The United States' Experience with Outsourcing, Privatization and Public-Private Partnerships

By David L. Seader
President, David Seader Associates
(davidseader@aol.com)

And

Co-Founder and Chairman
The National Council for Public-Private Partnerships
(www.ncppp.org)

Although the principles and practices of implementing public-private partnerships are quite similar around the world, the United States has a unique history and culture of developing working relationships between the public and private sectors in the provision of public services and infrastructure. From the earliest of colonial times to the present, the U.S. private sector has always had an active and sometimes leading role in building what we now consider public goods and services.

The earliest major roads in the 18th century were private toll roads. Most all of the country's first urban water supplies were built and maintained by privately owned water companies, some of which are still in business today. The great expansion westward in the US in the late 19th century was driven by a major public-private partnership between the federal government and the private railroads. The government provided the right-of-way and related development property while the railroads used private capital to build the rail facilities and rolling stock. Urban transit was primarily a private venture, with bus and rail transit companies providing service under exclusive franchises from local governments. The electrical sector was founded as a private initiative and is essentially still a private industry publicly regulated by each of the 50 state governments. Many other examples abound - in education, social welfare, transportation, utilities and elsewhere - of what we now consider to be the public realm that were begun under private, non-governmental or public-private partnership auspices.
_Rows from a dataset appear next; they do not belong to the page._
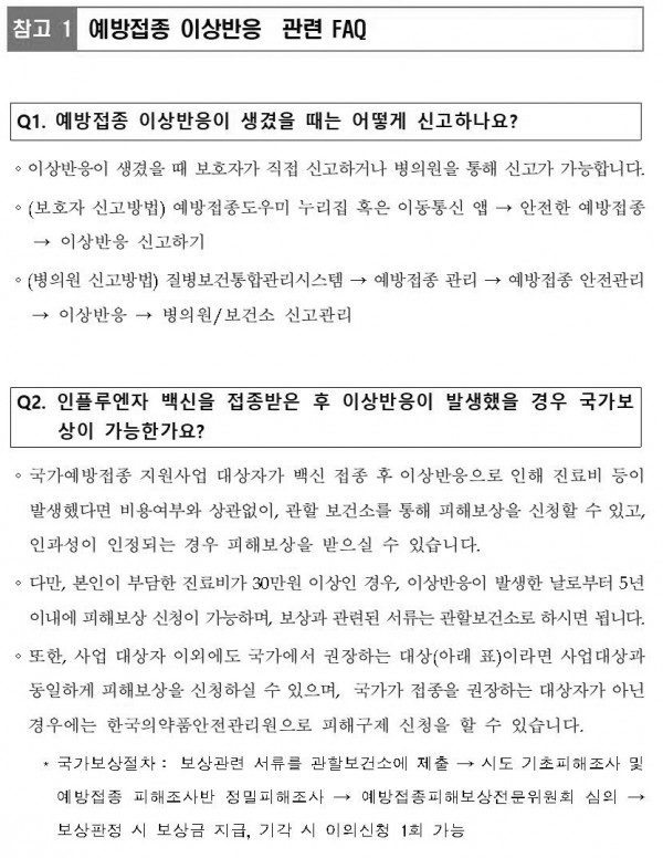 [질병관리청]인플루엔자 백신 접종 이상반응 현황 및 이상반응 발생 시 대응책
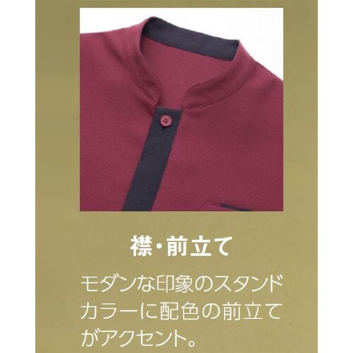 麻のようにさらっとした肌触りと風通しのよい涼感素材。塩素系漂白剤による退色を防ぐ素材機能から、元の色合いが持続します。水仕事など、腕まくりの手間なく作業ができる七分袖。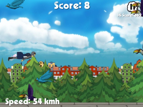 Another perfect day in Paradise, Join in on the high flying, heart pumping action adventure game. Take control of jetman through a dangerous flock of Birds. Keep your cool and keep calm to direct this daredevil though a avalanche of fearless birds. Simply press on the screen to make jetman fly the longer you press on the screen the higher jetman will fly to the top of the screen release your finger off the screen to make jetman fall to the bottom of the screen.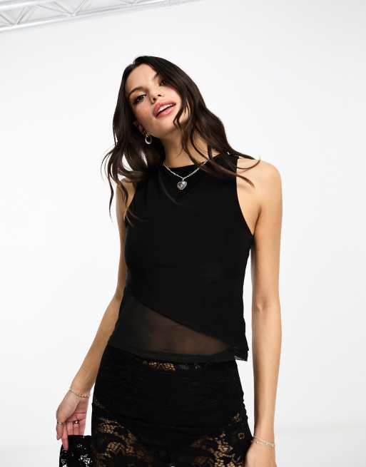 ASOS DESIGN - Sort stram tynd overdel med udskæringer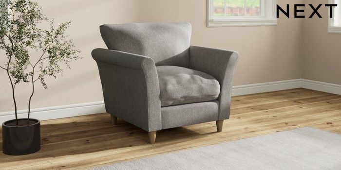 7.3.1 Buy Hartley Relaxed Sit Armchair Tweedy Chenille Mid Grey Low Conical - Light from the Laura Ashley online shop Click here to use our website with more accessibility support, for example screen readers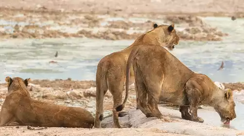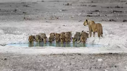 This is one of Africa's largest and most important wildlife reserves. Most of the time, it's dry, with only a few rainwater ponds scattered across Etosha like pearls, providing life-saving water for animals. To survive, animals must travel great distances to distant ponds for water. However, during the abundant summer rainy season, water accumulates, forming pools of varying sizes, attracting a large number of animals. These ponds offer a feast for the senses, perfect for capturing wildlife.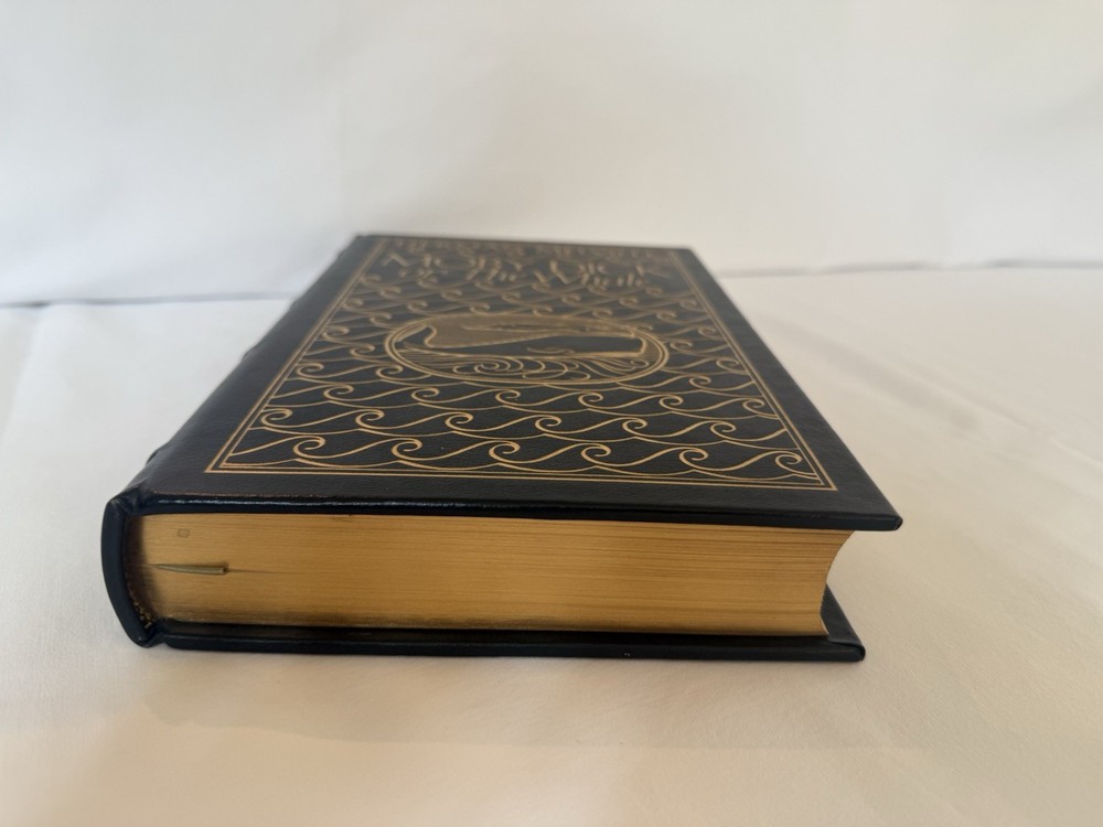 This stunning leather-bound collector's edition of Moby Dick is a must-have for any serious bibliophile. The craftsmanship by Easton Press is impeccable, with rich detailing that makes it a timeless treasure. Holding this beautifully printed book feels like owning a piece of literary history, perfect for display or cherished reading. A true gem for fans of Melville's masterpiece!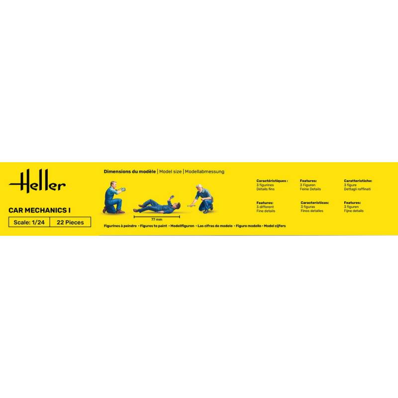 Ce set Heller 82755 comprend trois mécaniciens automobiles représentés dans des poses très spécifiques, idéales pour créer une scène de réparation réaliste dans un garage ou sous un véhicule au 1/24.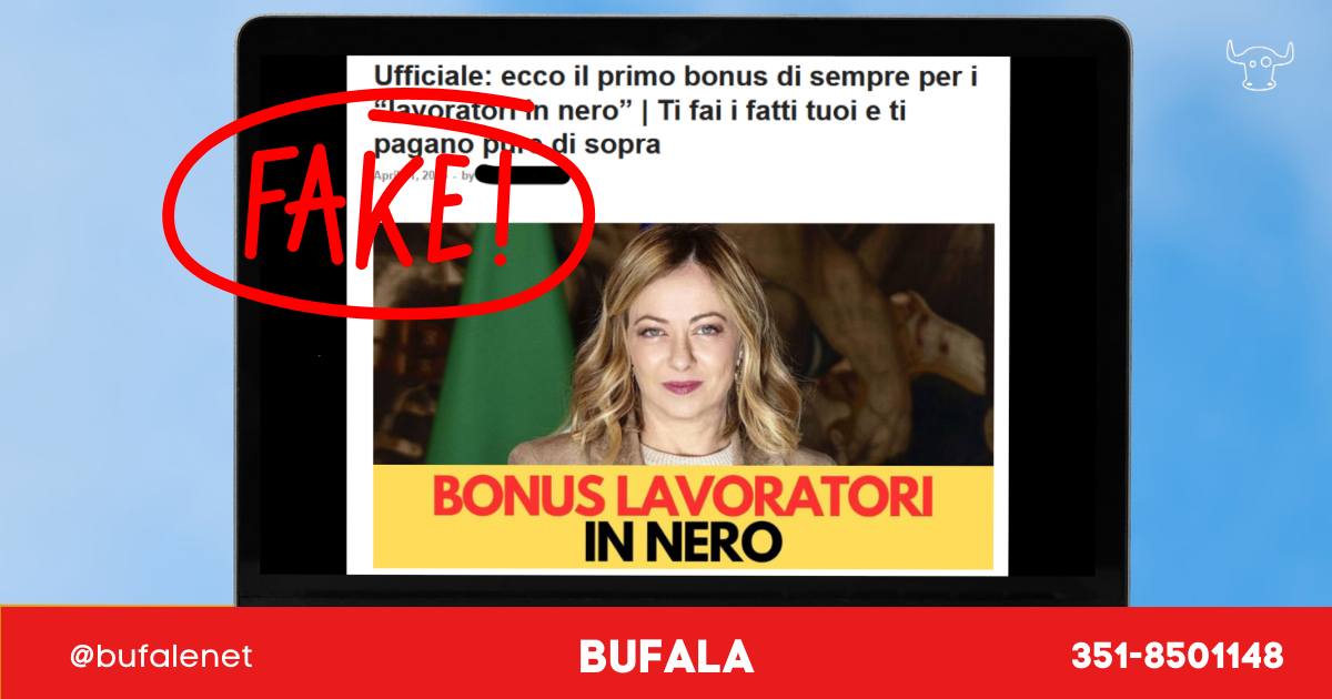 Ci segnalano i nostri contatti un improbabile quanto sgrammaticato “bonus lavoratori in nero”, sgrammaticato in quanto il titolo prosegue con un fuorviante e vernacolare “Ti fai i fatti tuoi e ti pagano pure di sopra”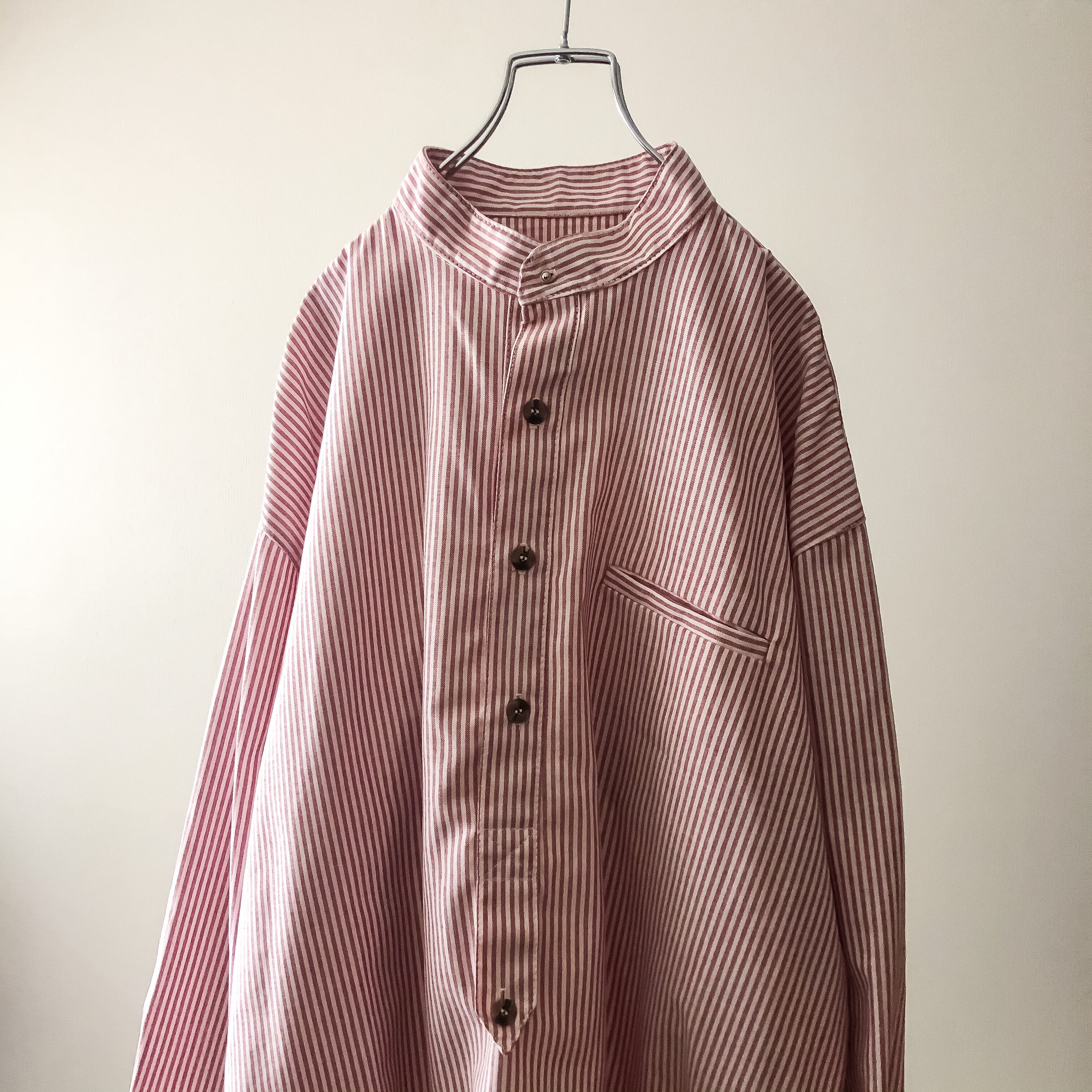 1990's stripe pattern band collor fisherman smock shirt made in USA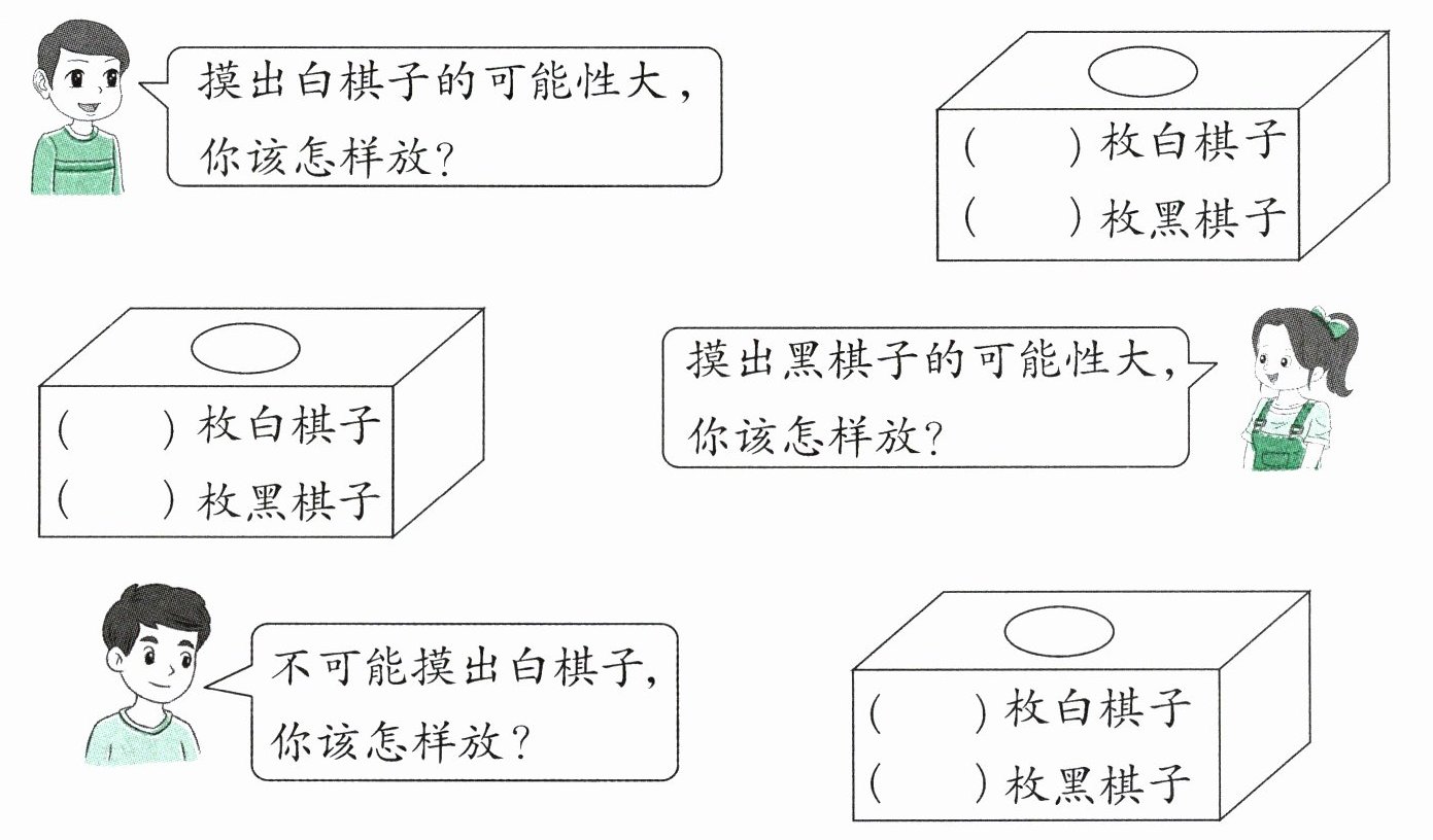 1. 在下面每个盒子里各放8枚大小相同的棋子(棋子有黑、白两种颜色),任意摸出1枚。

A major shift in U.S. policy occurred during the Great Depression of the 1930's when private providers went bankrupt and were taken over by governments that needed to maintain those vital services. The federal government adopted an activist role in spurring the economy through public works and public payrolls. Vast initiatives, like the Tennessee Valley Authority, as well as hundreds of small local projects effectively claimed the development of infrastructure as a government job. The command-control mentality during World War II effectively cemented the government's role as the provider of preference for the public sector, so that in the 50's and beyond, when it came time to redevelop the nation's transportation and environmental control infrastructure, the solutions were new government programs, like the Interstate highway program, the Clean Water Act program for sewage treatment and the Airports and Airways Development Act program. During those decades, governments at all levels expanded their size, scope and level of control.